For what values of x, if any, does #f(x) = 1/((5x+8)cos(pi/2-(12pi)/x) # have vertical asymptotes?

1 Answer
Jul 5, 2017

Answer:

#x=-8/5#, #x=0#, and #x=-6/n# (see explanation)

Explanation:

For there to be a vertical asymptote, the denominator must equal to zero, and #0*"anything"=0#, so #(5x+8)=0, 5x=-8, x=-8/5#.

Also, #cos((pi/2)-(12pi)/x)=0#. #cos^(-1)(0)=(pi)/2+n2pi#.
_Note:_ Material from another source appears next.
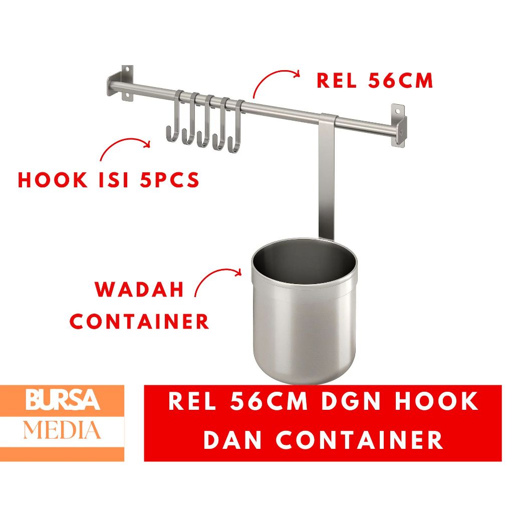 KUNGFORS Rel Dinding Dengan 5 Kait Dan 1 Wadah Stainless Steel Wall Rail + S - Hook + Container Organiser Dinding Dapur Wall Organizer IKKU50442

Therefore, #pi/2-(12pi)/x=pi/2+n2pi#, #(12pi)/x=-n2pi#, #x=-(12pi)/(n2pi)#, #x=-6/n#. By rearranging we get #n=-6/x#. We can substitute this to get #pi/2-(12pi)/x=pi/2+2(-6/x)pi-=pi/2-(12pi)/x=pi/2-12/xpi#.

For #n# to be an integer, #2n-=-12/x#, where #x# is any number which 12 is divisible by, to also give a whole number. For example, let's take #x=4, 12 " and " 24#:

4:
#2n=-12/4=-3#, as #2n# is an integer, #pi/2-(12pi)/x# can equal #pi/2+2(-6/x)pi#, #pi/2-3pi=pi/2-3pi#, #cos(pi/2-3pi)=0#, #0(5(-3)+8)=0#.

12:
#2n=-12/12=-1#, as #2n# is an integer, #pi/2-(12pi)/x# can equal #pi/2+2(-6/x)pi#, #pi/2-1pi=pi/2-1pi#, #cos(pi/2-pi)=0#, #0(5(-1)+8)=0#.

24:
#2n=-12/24=-1/2#, as #2n# is not an integer, #pi/2-(12pi)/x# cannot equal #pi/2+2(-6/x)pi#, as only #cos(pi/2+2npi)# can equal 0, where #2n# forms an integer, but #-1/2# is not an integer. For example, #cos(pi/2)=0#, #cos(pi/2+2pi)=0#, and #cos(pi/2+4pi)=0#.

Also, #x=0# is an asymptote as #(12pi)/0="undefined"#.